The output of the program is shown in listing 4.

Listing 4. Output from the function sample
10
Press any key to continue . . .

Our add function is nice, but it could be made more concise with a language feature that might be familiar to some: lambda expressions.

Lambda Expressions

Aphid lambda expressions are special functions that are formed from a single expression. When a lambda expression is invoked, the expression is evaluated and the value is returned.

Since the body of the add function from the previous example consists of a single return statement, it can be refactored into a lambda expression (listing 5).

Listing 5. A C#/Aphid program that defines and invokes an Aphid lambda expression
using Components.Aphid.Interpreter;

namespace LambdaSample
{
    class Program
    {
        static void Main(string[] args)
        {
            var interpreter = new AphidInterpreter();

            interpreter.Interpret(@"
                #'Std';
                add = @(x, y) x + y;
                print(add(3, 7));
            ");
        }
    }
}

The output of the program is shown in listing 6.

Listing 6. Output from the lambda sample
10
Press any key to continue . . .

Higher-order Functions

Aphid functions are values.

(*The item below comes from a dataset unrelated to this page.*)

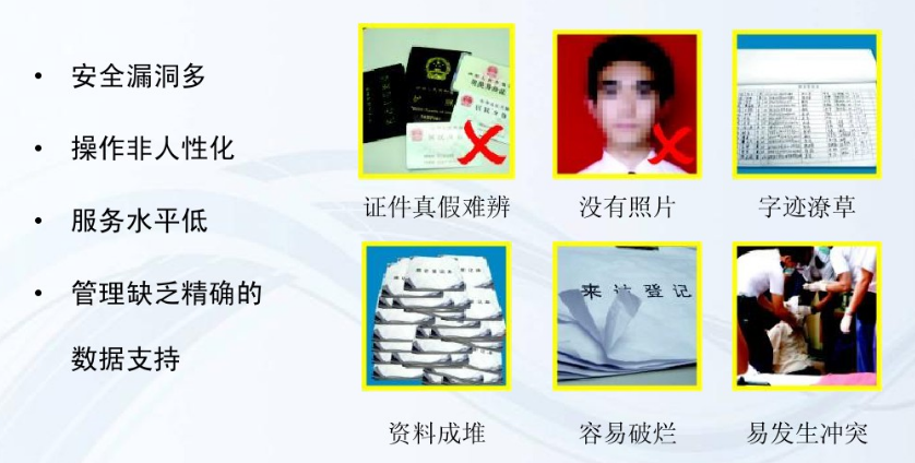 傳統(tǒng)人工手寫的來訪登記方式存在很多安全漏洞,如今假證橫行,辦理假證的犯罪手法也是日漸高明,直接導(dǎo)致門衛(wèi)無法用眼識(shí)別真假證件,并且人工登記復(fù)雜、繁瑣、紙質(zhì)登記不易保存查詢信息。網(wǎng)上經(jīng)常有報(bào)道訪客手工登記管理漏洞引發(fā)的安全事件接二連三,因?yàn)閭鹘y(tǒng)的訪客手工登記存在的問題太多。

This makes higher-order functions (i.e. functions that accept and/or return other functions) possible. Listing 7 shows a higher-order Aphid function.

Listing 7. A C#/Aphid program that defines and invokes a higher-order Aphid function
using Components.Aphid.Interpreter;

namespace HigherOrderFunctionSample
{
    class Program
    {
        static void Main(string[] args)
        {
            var interpreter = new AphidInterpreter();

            interpreter.Interpret(@"
                #'Std';
                call = @(func) func();
                foo = @() print('foo() called');                
                call(foo);
            ");
        }
    }
}

The output of the program is shown in listing 8.

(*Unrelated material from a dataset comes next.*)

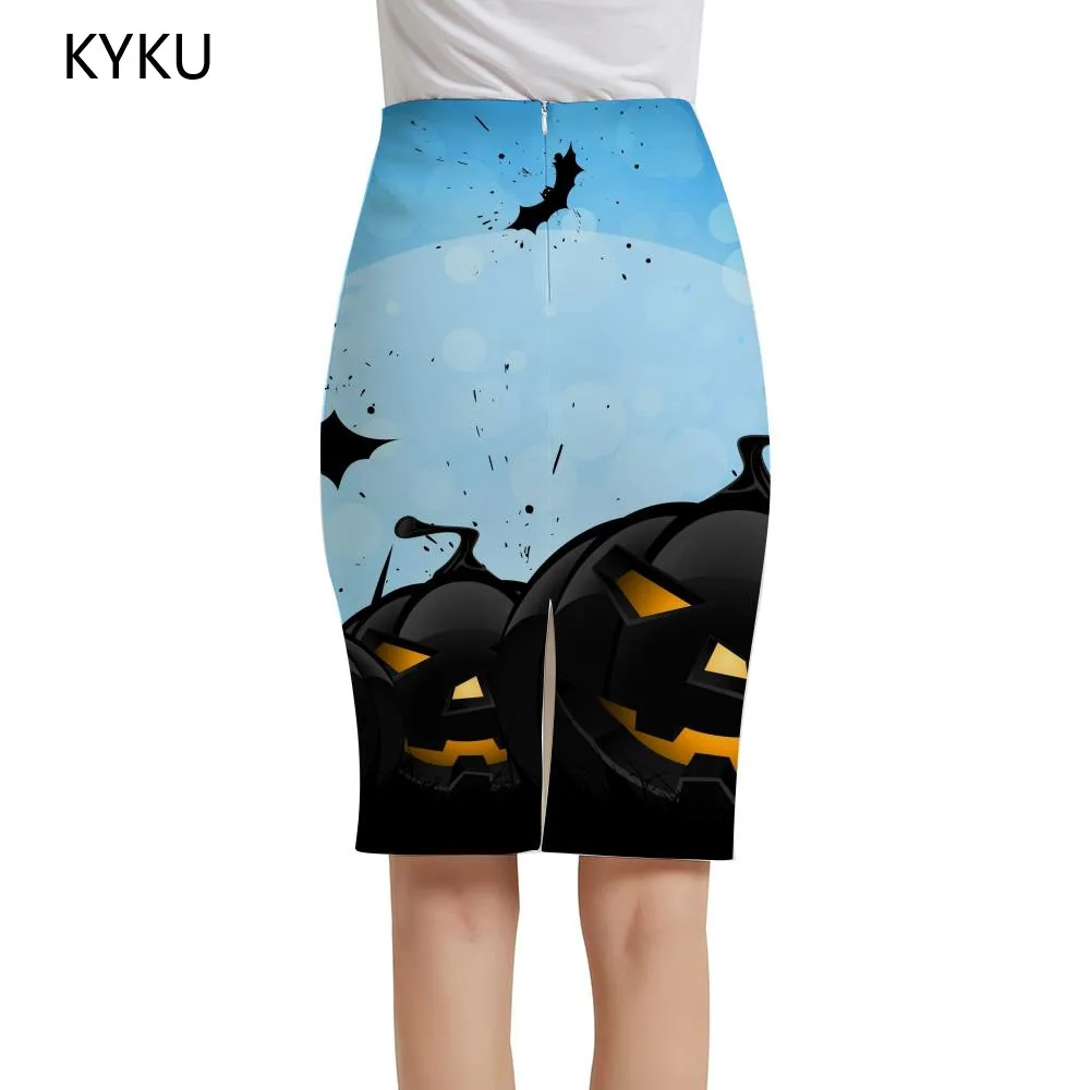 Женская юбка-карандаш KYKU, повседневная элегантная юбка с принтом тыквы, летучей мыши и Луны, с цветочным принтом в Корейском стиле, лето 2019

Listing 8. Output from the higher-order function sample
foo() called
Press any key to continue . . .

Partial Function Application

Partial function application can be used to apply arguments to a given function, producing a new function that accepts the remaining, unapplied arguments. Partial function application is performed using the function operator (@). Listing 9 shows a function named add that is partially applied with the number literal 10 to produce a new function, add10. Listing 10 shows the output of the sample program.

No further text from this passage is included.